I do feel for the rest of you - you have my sympathy. Here's a little picture of me....


----------



## HertzvanRental (3 May 2017)

I do a few sportives here and there and the odd group ride. Regarding this thread, unless someone is wearing a design that shrieks at you, I never really take note of what anybody else is wearing.


----------



## snorri (3 May 2017)

GrumpyGregry said:


> View attachment 350506


"We keep trying to get our product on the shelves at Lidl but this as near as we can get to meeting their quality control standards"


----------



## SuperHans123 (3 May 2017)

Every roadie I see looks like either a bingo or highlighter pen


----------



## jefmcg (3 May 2017)

GrumpyGregry said:


> View attachment 350506
> 
> 
> Caption competition
> ...


Well, yes, it is a bit _small_ but I do have two of them.


----------



## Crackle (3 May 2017)

It's not the first time I've read an interview with him and thought, nob!

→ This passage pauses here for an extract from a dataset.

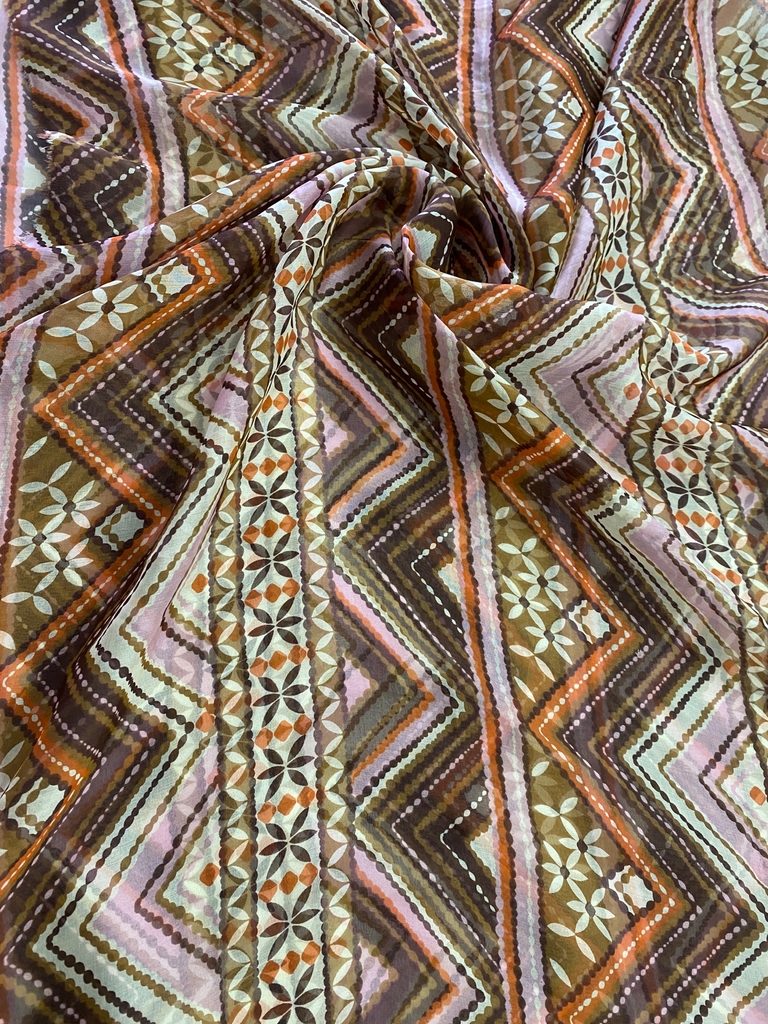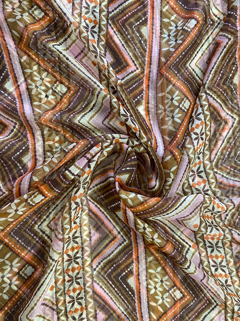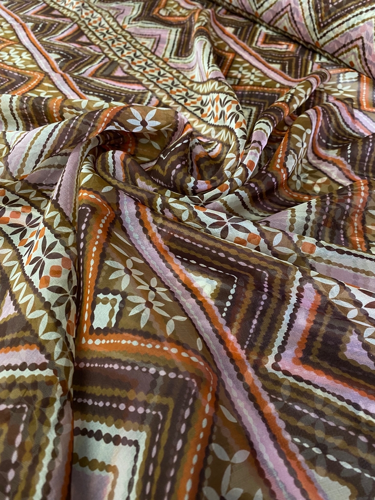 Tecido palha de seda estampada, leve e macia, transparêncial notável e leve caimento.

Most Rapha stuff is outside my price range but one thing I did notice recently when I was looking for a new top, is that much of the stuff is reasonably poor quality or a terrible fit and yet still commands a high price, regardless of make. I've had one top which I thought was different enough to be good but you'd need to be a racing snake to wear it, so back it went.


----------



## mjr (3 May 2017)

CarlP said:


> I'm surprised to see that no one has posted the photo of the big chap in the Lampre cycle kit on this thread yet.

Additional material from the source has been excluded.